Other contributions widened the field further. Matteo Pedercini discussed system dynamics modelling for integrated assessment, while Franco Ruzzenenti asked whether models can afford to neglect complexity — a question that should probably be printed on the coffee cups of every modelling workshop. Jaime Nieto focused on techno-economic and biophysical limits of the energy transition through the WILIAM model, while Wided Medjroubi addressed optimisation and techno-economic analysis of energy systems. 

The China and EU dimensions were also strongly represented. Jianmin Ma examined China’s clean air action and carbon neutrality targets, while Wenjun Meng analysed how energy price volatility affects the costs and benefits of the EU energy transition. Jing Meng brought the discussion down to the plant level, showing why industrial decarbonisation requires attention to the heterogeneity of individual facilities rather than relying only on broad national targets. 

From SDGs to Overshoot: Beyond Carbon Accounting

The later sessions widened the discussion beyond carbon neutrality narrowly understood. In Session C3Prajal Pradhan presented “A threefold approach for the acceleration of Sustainable Development Goals and beyond.”This shifted attention to the broader architecture of sustainable development: social prosperity, planetary boundaries, inequalities, and the post-2030 agenda. That matters because IAMs increasingly need to speak not only to emissions trajectories, but also to the social and ecological conditions under which those trajectories become meaningful. 

Friday’s Session C4 then pushed the conversation toward the newest frontier of global scenario thinking. Detlef van Vuuren discussed “Broadening Climate Mitigation Pathways in an Era of Overshoot and Global Constraints,”placing mitigation in the uncomfortable but increasingly unavoidable context of delayed action, temporary overshoot, and tightening ecological and political limits.

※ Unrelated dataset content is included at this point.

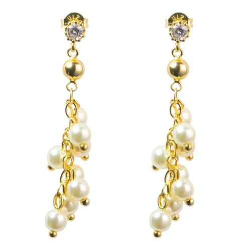 Elegante Brinco Cacho de Pérolas e Ponto de Luz Semijoia Banho de Ouro 18K. As peças recebem um tratamento hipoalergênico, pensando especialmente em nossos clientes, embalado individualmente com embalagens personalizadas preparado com muito carinho acompanhado pelo certificado de garantia. Perfeito para embelezar e completar seu estilo com delicadeza e sofisticação. Confira as dimensões: Altura: 0,5 cm , Largura: 0,5 cm , Comprimento: 4,6 cm , Peso: 4 g

Paraskevi Karka followed with work on “Identifying optimal circular economy pathways: Linking prospective sustainability assessment with Integrated Assessment Model scenarios,” showing how IAM-based scenarios can support the identification of circular economy pathways. Keywan Riahi then presented “New ScenarioMIP Pathways and Insights from the Scenario Compass Initiative: What the Latest Global Emissions Scenarios Tell Us,”connecting the seminar to the latest global emissions scenario landscape and its implications for climate assessment and decision-making. 

These contributions moved the discussion from the question “How do we reach carbon neutrality?” to a more demanding one: “What kinds of carbon-neutral futures are still plausible, just, liveable, and institutionally achievable?” That is a harder question — and, also the more honest one.

Why the Roundtables Mattered

Equally important were the roundtable sessions, which created space for cross-cutting questions that did not fit neatly inside any single lecture, model, or discipline. The programme included three parallel roundtable sessions on Thursday afternoon, after a day that had already connected China’s clean air action, EU energy price volatility, industrial decarbonisation, global value chains, electromobility, SDGs, air quality, health, and e-fuels. 

These roundtables were crucial because they turned the seminar from a sequence of presentations into a shared intellectual workshop. They allowed participants to ask what sits between the sessions: how to connect modelling paradigms, how to make assumptions visible, how to include social and political constraints, how to deal with uncertainty, and how to prevent IAMs from becoming impressive machines that answer yesterday’s questions with tomorrow’s computational power.

In that sense, the roundtables were not an “extra” part of the seminar. They were where the seminar’s interdisciplinary promise became most concrete. They helped link the technical, social, political, and ethical dimensions of modelling — exactly the kind of dialogue the seminar’s official aims called for through lectures, poster presentations, and collaborative discussions on the future role of IAMs in decarbonisation. 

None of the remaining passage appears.